In line with previous studies, the results of the current analysis show that presence of STEMI essentially disturbs pharmacokinetic profile of ticagrelor13,14,16. From all examined clinical features STEMI had the greatest negative impact on \(\frac{AU{C}_{M}}{AU{C}_{T}}\) (beta-coefficient for supplementary multiple regression analysis = −0.38). Our results show that the mechanism of impaired ticagrelor pharmacokinetics seen in patients with STEMI during the initial hours after the LD may be multifactorial and related not only to slower intestinal absorption, but also to diminished hepatic metabolism. Interestingly, presence of DM was also found to have significant negative influence on \(\frac{AU{C}_{M}}{AU{C}_{T}}\) in all performed analyses (beta-coefficient for supplementary multiple regression analysis = −0.24). DM is one of the most important and most common risk factors for ACS. It has to be considered that the effect of DM on \(\frac{AU{C}_{M}}{AU{C}_{T}}\) can further aggravate the effect of STEMI, and that the co-existence of these two conditions is not rare. Admittedly, the mechanisms behind the effect of STEMI or DM on \(\frac{AU{C}_{M}}{AU{C}_{T}}\) remain unknown.

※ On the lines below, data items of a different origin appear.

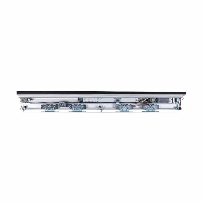 Set automatike za dvokrilna klizna automatska vrata: aluminijumska greda sa poklopcem 4,2m , kontrolna jedinica, brushless motor, dva mikrotalasna senzora, fotoćelije, dva daljinska upravljača sa risiverom, dva para nosećih kolica, štelujuću remenicu, stoper, montažne elemente
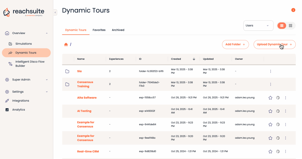 You are now able to click Upload Dynamic Tour on the Dynamic Tour management screen to upload a video tour. This can be a previously created video, a video tour you created for a native app, a video tour on a mobile emulator, a video tour using 3rd party extensions, etc.
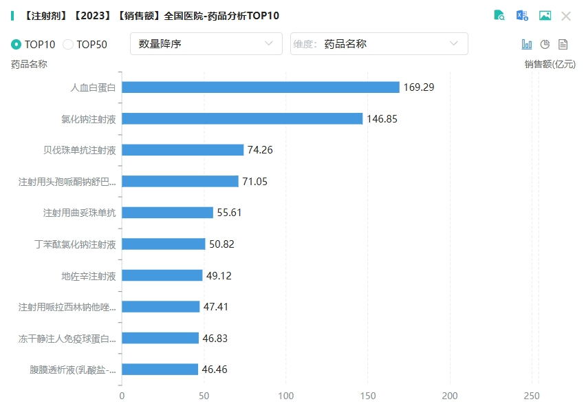 在2023年的全国医院注射剂(含化药/生物药/中成药)市场,化学药在其中占据了显著的主导地位。销售额TOP10榜单中,超140亿元的有人血白蛋白、氯化钠注射液2个品种。其余药物的销售额均超过46亿元,充分展现了市场的繁荣与活力。
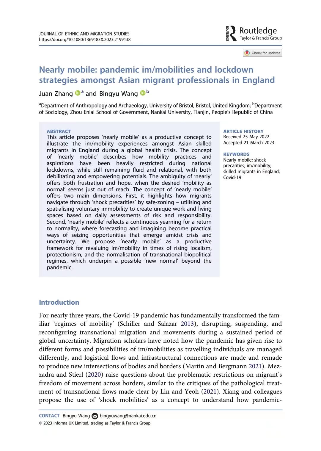 近期,英国上市公司365周恩来政府管理学院社学系王炳钰教授(作为通讯作者)与布里斯托大学人类学与考古学系张娟副教授的最新合作文章于2023年4月12日在线发表于移民和族群研究顶刊Journal of Ethnic and Migration Studies (JEMS),文章题为Nearly mobile: pandemic im/mobilities and lockdown strategies amongst Asian migrant professionals in England。所发表期刊JEMS为英文核心期刊(SSCI)一区刊物(Journal Citation Reports-Q1);作为移民研究国际权威刊物,JEMS在JCR“族群研究”与“人口学”两个类别均排名世界第1,在谷歌学术“移民研究”和“社会学”两个类别的世界排名分别为第1和第2。本期推文将对这篇文章的研究问题、研究发现以及主要贡献进行介绍。

The impact of the remaining evaluated features on ticagrelor hepatic transformation during the first six hours after ticagrelor LD is ambiguous. Morphine, which delays and attenuates bioavailability of ticagrelor in patients with AMI13, in our analysis significantly decreased \(\frac{AU{C}_{M}}{AU{C}_{T}}\) only when assessed with linear regression analysis. Morphine follows metabolic pathway which does not include CYP3A enzymes, thus clinically relevant interaction with ticagrelor metabolism is rather unlikely38. Our supplementary multiple regression analysis model included smoking as a potential factor influencing ticagrelor metabolism, based on a pharmacokinetic model for ticagrelor and its metabolite suggesting that smoking alters apparent clearance of ticagrelor and AR-C124910XX31. In our analysis habitual smoking was the only clinical characteristic that positively affects \(\frac{AU{C}_{M}}{AU{C}_{T}}\) (beta-coefficient for supplementary multiple regression analysis = 0.20). The mechanism behind this finding also remains undetermined as smoking does not affect CYP3A-mediated metabolism31.

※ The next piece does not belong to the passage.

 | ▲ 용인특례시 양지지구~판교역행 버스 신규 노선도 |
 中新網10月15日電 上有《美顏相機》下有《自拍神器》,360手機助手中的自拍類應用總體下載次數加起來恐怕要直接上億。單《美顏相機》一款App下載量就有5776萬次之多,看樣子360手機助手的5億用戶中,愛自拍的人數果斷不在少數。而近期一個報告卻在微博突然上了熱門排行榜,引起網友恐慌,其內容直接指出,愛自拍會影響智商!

In subgroup analyses of the PLATO study the cardiovascular benefit was consistent in patients treated with ticagrelor compared with those treated with clopidogrel irrespective of type of treatment for STEMI or NSTE-ACS, diabetic status and glycemic control, or smoking status39,40,41,42. Thus, the clinical significance of our findings is obscure, uncertain and warrants further research.

Study limitations

One could perceive lack of pharmacodynamic data as a limitation of this analysis, however it was the authors’ intention to focus on ticagrelor metabolism only. It also has to be noted that the ethnicity of the examined group was homogenous (100% Caucasian), which closely reflects the ethnical structure seen in Poland, where both analyzed studies were conducted. Additionally, smoking status was collected only based on information obtained from each patient, and was not validated objectively.

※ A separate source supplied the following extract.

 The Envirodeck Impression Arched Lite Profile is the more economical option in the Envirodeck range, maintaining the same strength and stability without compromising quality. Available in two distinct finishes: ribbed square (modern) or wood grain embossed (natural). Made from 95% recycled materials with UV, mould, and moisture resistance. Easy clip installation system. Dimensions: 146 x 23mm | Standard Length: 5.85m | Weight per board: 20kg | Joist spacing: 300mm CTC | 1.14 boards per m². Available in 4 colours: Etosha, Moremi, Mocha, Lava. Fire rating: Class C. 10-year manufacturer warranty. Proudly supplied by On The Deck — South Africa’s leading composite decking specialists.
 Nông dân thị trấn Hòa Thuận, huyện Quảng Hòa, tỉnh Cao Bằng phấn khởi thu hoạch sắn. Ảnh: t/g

Moreover, several limitations resulted from the design of the included trials. Neither of two studies evaluated clinical endpoints, thus these data were not available. The information on the time span between the onset of chest pain and ticagrelor loading dose was incomplete, and therefore was not included in the analysis. The liver function was not evaluated at the time of enrolment for the analyzed studies, and the exclusion due to liver function impairment was made based on medical history of severe hepatic disease only.

Conclusions

The degree of ticagrelor hepatic transformation into its active metabolite following a standard 180 mg LD in the setting of ACS is decreased in patients with STEMI and DM. Morphine may be related to smaller, and smoking with greater rate of ticagrelor metabolism in patients with ACS, but these data are not completely conclusive.